## WHAT YOU WILL DO
With the pictures omitted, set down exactly the lines from the one that contains "6m/sの高速なチェーンスピ" through the last line of the data.
----- DATA BELOW -----
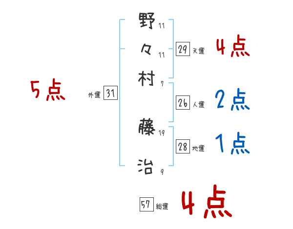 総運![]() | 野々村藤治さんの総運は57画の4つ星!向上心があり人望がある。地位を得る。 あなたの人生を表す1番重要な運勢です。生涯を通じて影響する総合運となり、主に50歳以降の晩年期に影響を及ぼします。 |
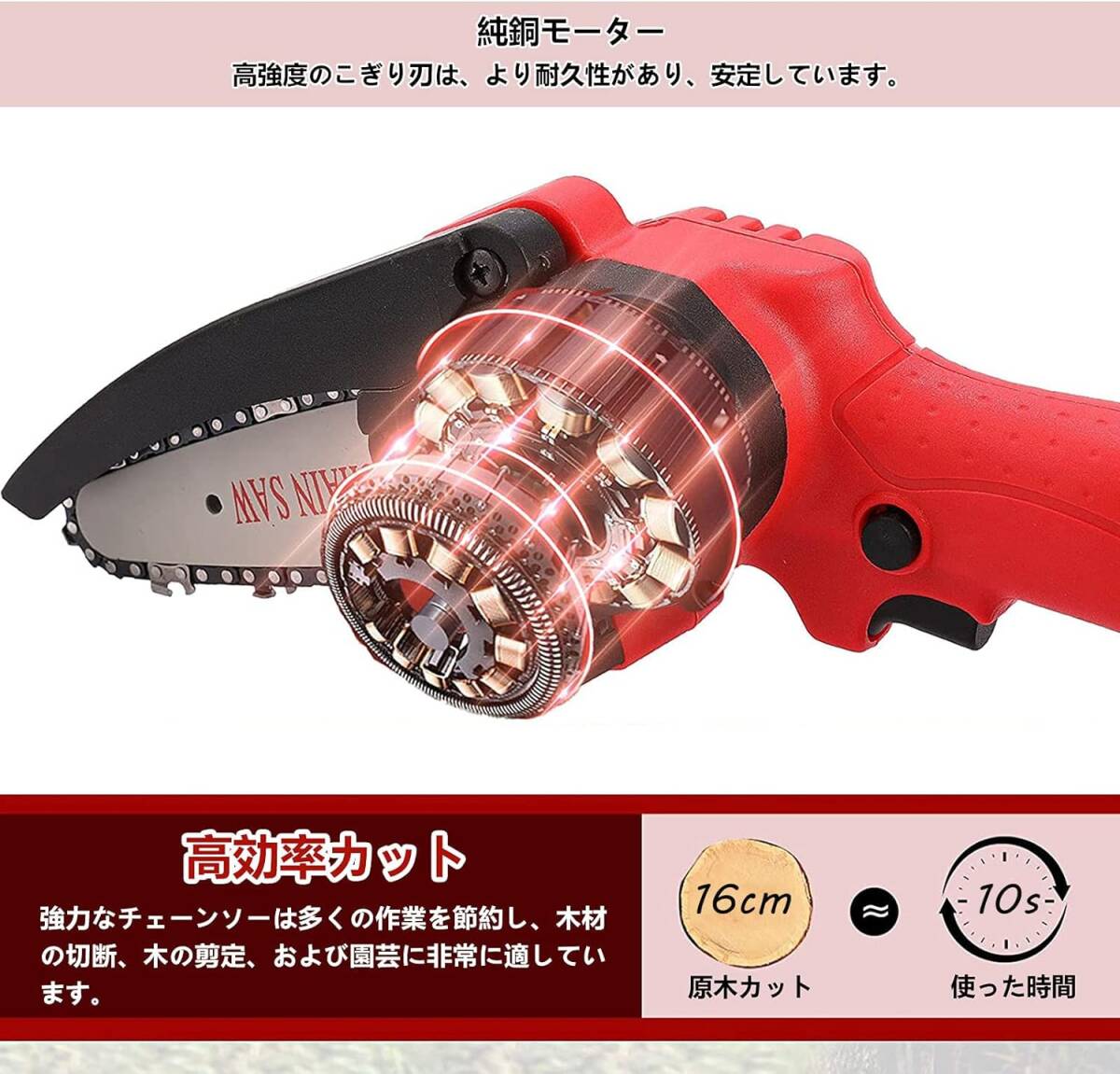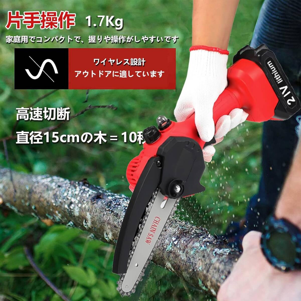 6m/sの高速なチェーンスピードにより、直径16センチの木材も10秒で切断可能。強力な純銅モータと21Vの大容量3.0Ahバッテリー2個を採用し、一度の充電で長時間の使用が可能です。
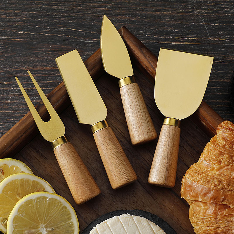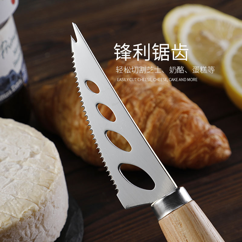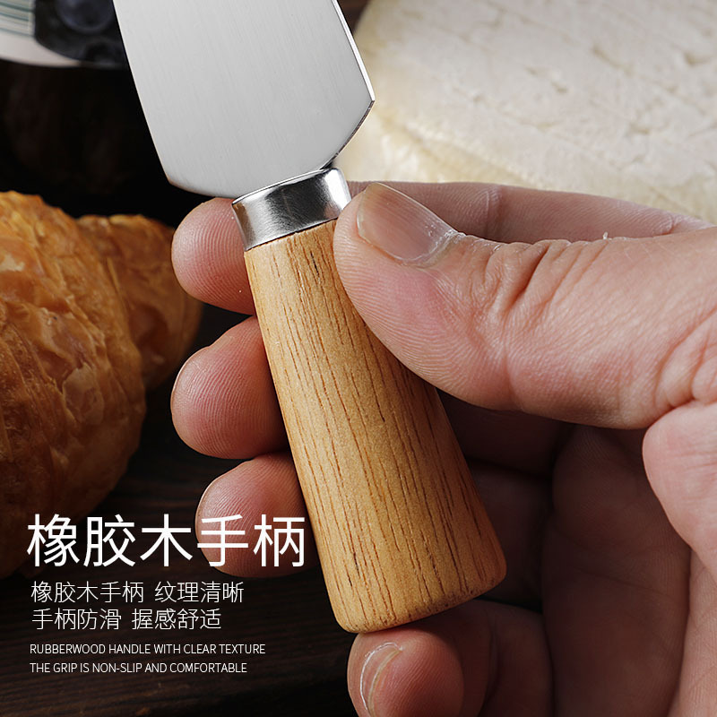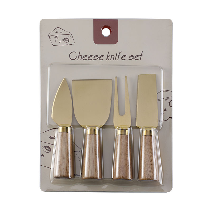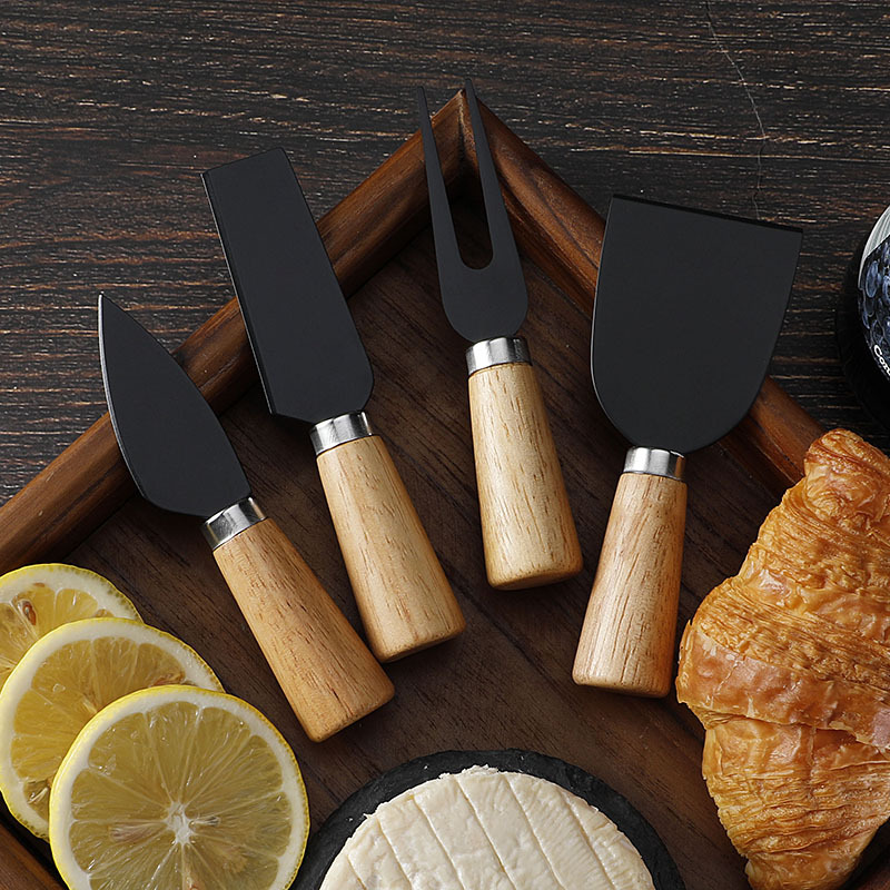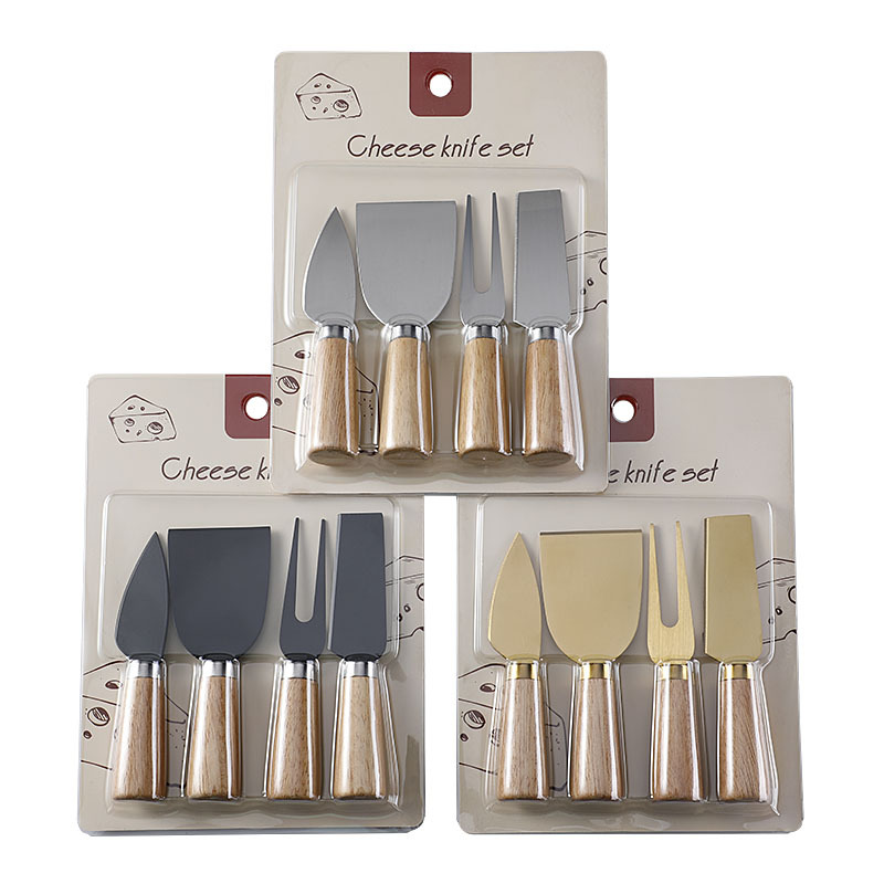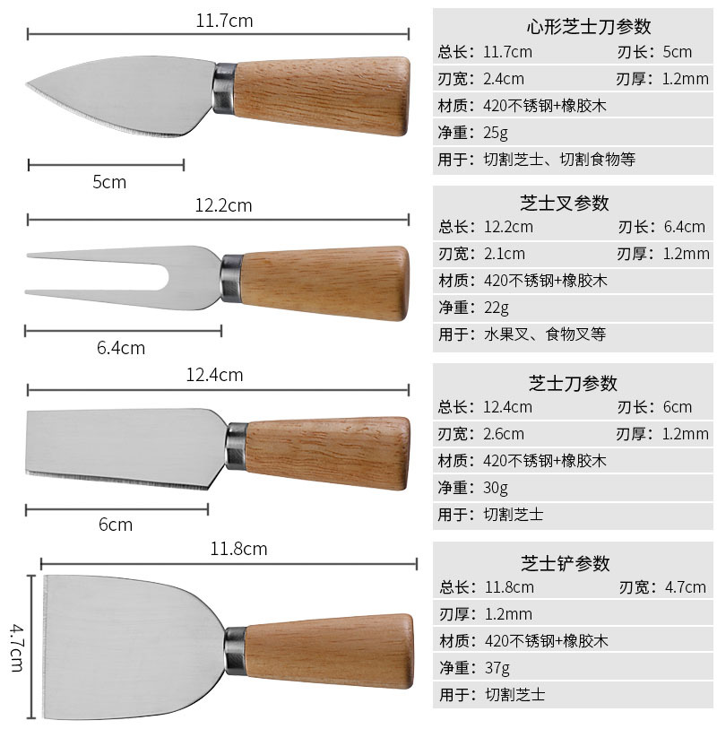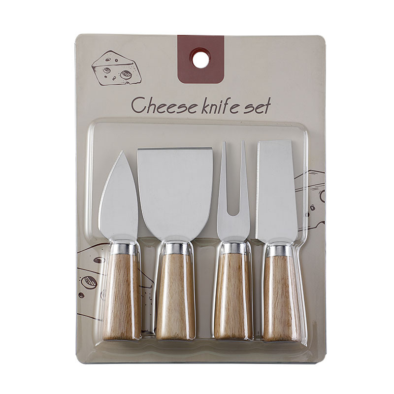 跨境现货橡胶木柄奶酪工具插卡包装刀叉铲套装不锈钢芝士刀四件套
-----
## ANSWER SPACE
 6m/sの高速なチェーンスピードにより、直径16センチの木材も10秒で切断可能。強力な純銅モータと21Vの大容量3.0Ahバッテリー2個を採用し、一度の充電で長時間の使用が可能です。
 跨境现货橡胶木柄奶酪工具插卡包装刀叉铲套装不锈钢芝士刀四件套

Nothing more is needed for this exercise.